2.) To compare the investments, we need to calculate the final amount for each investment option using the compound interest formula:
a.) $900 at 9% interest compounded monthly:
The formula for compound interest is A = P(1 + r/n)^(n*t), where A is the final amount, P is the principal amount, r is the interest rate (as a decimal), n is the number of times compounded per year, and t is the number of years.
For investment a:
P = $900
r = 9% = 0.09
n = 12 (compounded monthly)
t = 4 years
A = 900(1 + 0.09/12)^(12*4) ≈ $1185.04 (rounded to two decimal places)
b.) $700 at 12.5% interest compounded quarterly:
For investment b:
P = $700
r = 12.5% = 0.125
n = 4 (compounded quarterly)
t = 4 years
A = 700(1 + 0.125/4)^(4*4) ≈ $1115.51 (rounded to two decimal places)
c.) $1050 at 5% compounded continuously:
For investment c, we can use the formula A = P * e^(r*t), where e is Euler's number.
P = $1050
r = 5% = 0.05
t = 4 years
A = 1050 * e^(0.05*4) ≈ $1241.00 (rounded to two decimal places)
Therefore, the investment yielding the greater amount after 4 years is investment c) $1050 at 5% compounded continuously with approximately $1241.00.
3a.) The formula to represent the half-life after t days is given by A(t) = A₀ * (1/2)^(t/h), where A(t) is the amount after t days, A₀ is the initial amount, t is the time elapsed, and h is the half-life.

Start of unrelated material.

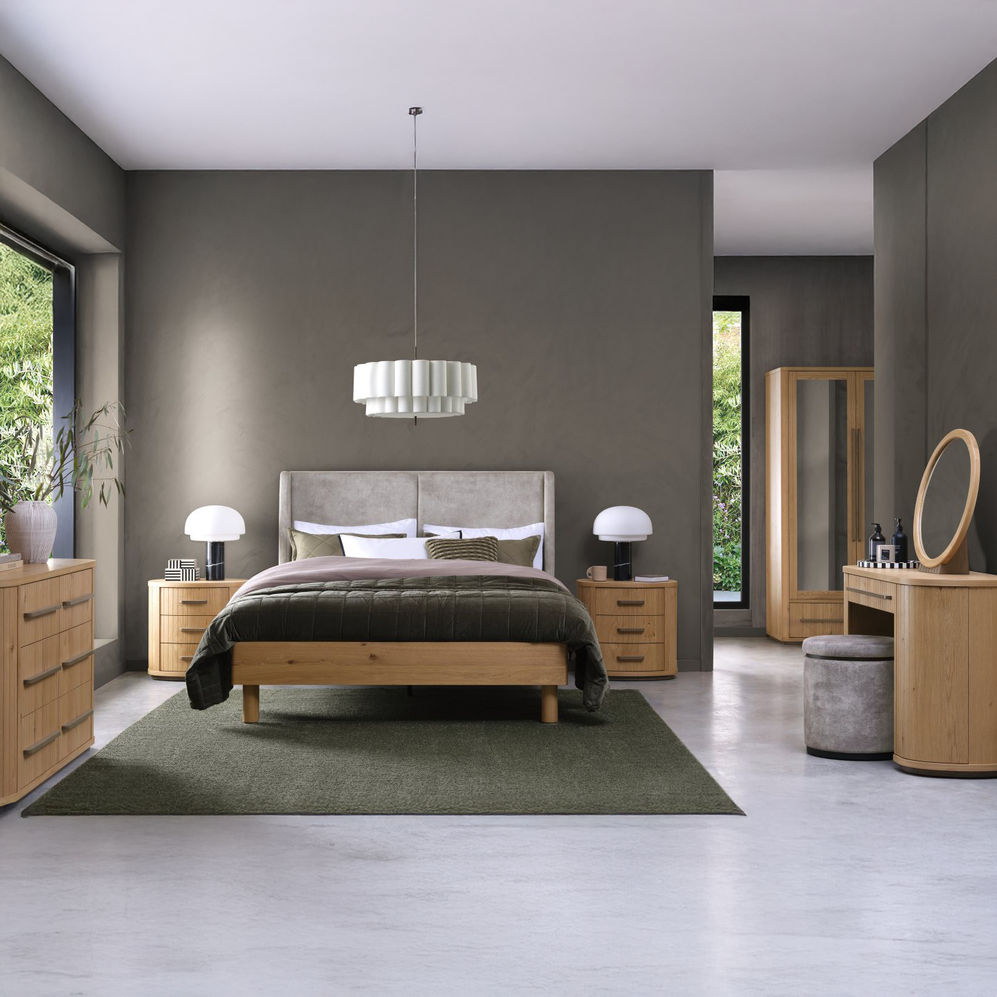 The Nova bedroom range brings a sense of crafted character to contemporary spaces, combining knotty oak veneers with a soft weathered finish and expressive grain. At its centre, the bed frame sets a confident tone with turned oak legs and a pearl crushed velvet headboard that introduces texture and contrast. Curved profiles and subtle grove detailing run throughout the range, lending cohesion and balance to each piece. Generous drawer storage is provided through softly contoured chests and elliptical nightstands, available in both three-drawer and open-shelf variations to suit a variety of room layouts and lifestyles. The Dressing Table pairs a central drawer with shelving concealed behind its pillar-like sides, offering a streamlined look with functional detail.

Therefore, the formula for the half-life after t days is A(t) = A₀ * (1/2)^(t/4).
3b.) To find the amount that is present after 9 days, given that 12g is present now, we substitute the values into the half-life formula:
A(t) = A₀ * (1/2)^(t/4)
A(9) = 12 * (1/2)^(9/4)
A(9) ≈ 12 * 0.31623 (rounded to five decimal places)
A(9) ≈ 3.795
Therefore, approximately 3.795g will be present after 9 days.